Most of Morham's works constitute "public buildings" and mainly still survive, contributing greatly to the character of the city. All are in Edinburgh and almost all are listed buildings, exemplifying the quality of Morham's works.

- Robertson Memorial Church, Kilgraston Road (then the Grange Church till 1972, now Marchmont St Giles' Parish Church ) (1869), listed category B.
- Blackfriars Street Church (1870-1), listed category C.
- Remodelling of the interior of St Giles Cathedral creating one single volume from the former three spaces (1871), listed category A.
- Tenements at 60 High Street (Royal Mile)/1-9 Blackfriars Street (1873), listed category B
- Addition of corner turrets to the married soldiers quarters at 25 Johnston Terrace (now Castlecliff Workshops) (1874), listed category C.
- Remodelling of Canongate Tolbooth in a medieval revivalist style (including interiors) (1875), listed category A
- Torphichen Street Police Station (1894) plus 1908 rebuild, listed category C.
- Buildings on the corner of Waverley Bridge and East Market Street (for Waverley Station) (1874-6). Now LRT information office, the Edinburgh Dungeon and the Edinburgh Tattoo Offices/Shop. Listed category A.
- The original Waverley Market (1874-6) between Waverley Station and Princes Street (1874-6) Demolished 1977. Only some ornate ironwork survives.
- Interior remodelling of Edinburgh City Chambers including most of the present Council Debating Chambers (1875) listed category A.
- Remodelling of West Princes Street Gardens (1876) following acquisition of the private garden grounds from Princes Street residents.
- School at south end of Blackfriars Street (now St Ann's Community Centre) (1879–80) listed category C.
- Addition of a storey at 104-112 Hanover Street (1880)
- Remodelling of 13-23 Shandwick Place (1880)

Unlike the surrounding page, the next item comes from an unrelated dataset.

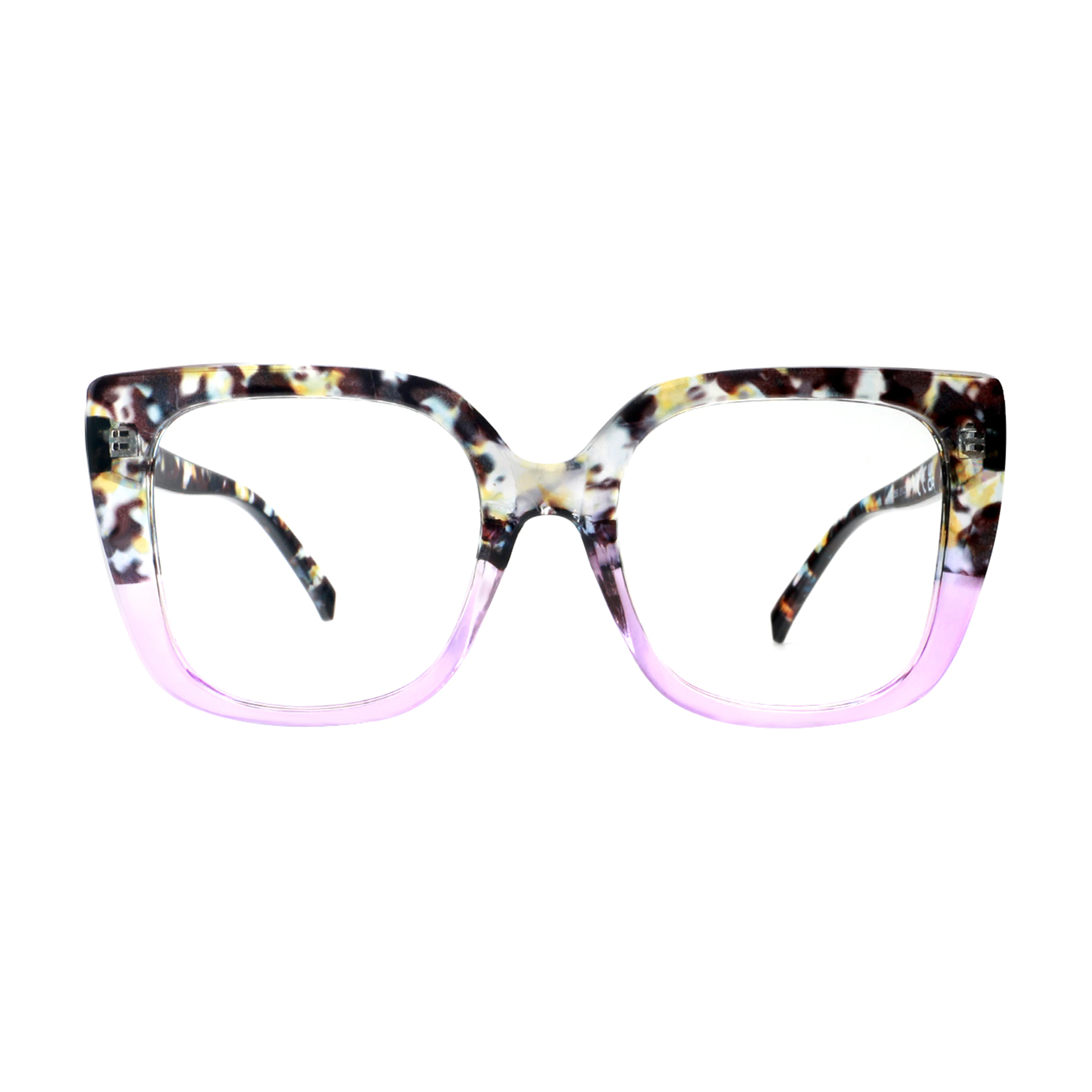 A striking mix of purple and tortoiseshell in these square PC frames creates an eye-catching design. The rich purple accents against the warm tortoiseshell base add a touch of sophistication to your eyewear collection.

- 30-34 Upper Gray Street (1880) listed category B.
- Slateford Fire Station (1882)
- West Port Police Station (1882) now a bar (50 West Port) listed category B.

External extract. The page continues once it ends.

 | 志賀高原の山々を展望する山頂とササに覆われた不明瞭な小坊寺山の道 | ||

- Fountainbridge Meat Market (1884) (largely demolished but the arches and bulls heads from the entrance have been kept as a feature on the street).

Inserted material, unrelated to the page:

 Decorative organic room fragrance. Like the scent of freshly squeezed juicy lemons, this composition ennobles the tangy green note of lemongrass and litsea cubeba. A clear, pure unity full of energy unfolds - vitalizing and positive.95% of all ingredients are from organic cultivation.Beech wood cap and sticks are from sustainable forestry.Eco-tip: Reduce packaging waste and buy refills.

- "Creation of "The Old Senate Room" in Edinburgh University's Old College (1883) listed category A.
- Causewayside Police Station and Fire Station (1885) listed category B.
- Infirmary Street Baths (1885-7) (recently restored and remodelled) listed category B.
- Fountain at the St Leonards entrance into Holyrood Park (1886)
- The Gardener's Cottage in West Princes Street Gardens (1886) listed category C.
- Laying out of Inverleith Park.
- Dalry Baths, Caledonian Crescent (1893-5)
- The huge stone piers to support North Bridge (1894)
- Building of the Electric Lighting Central Generating Station (1894) and offices, Dewar Place, now a 275,000 volt grid supply substation, with the only installation of gas insulated and cooled transformers in the UK. Of the power station only the frontages and some basement structures remain. Listed category B. The offices are currently vacant and are not listed.
- Remodelling interior of the City Observatory on Calton Hill (1895-8)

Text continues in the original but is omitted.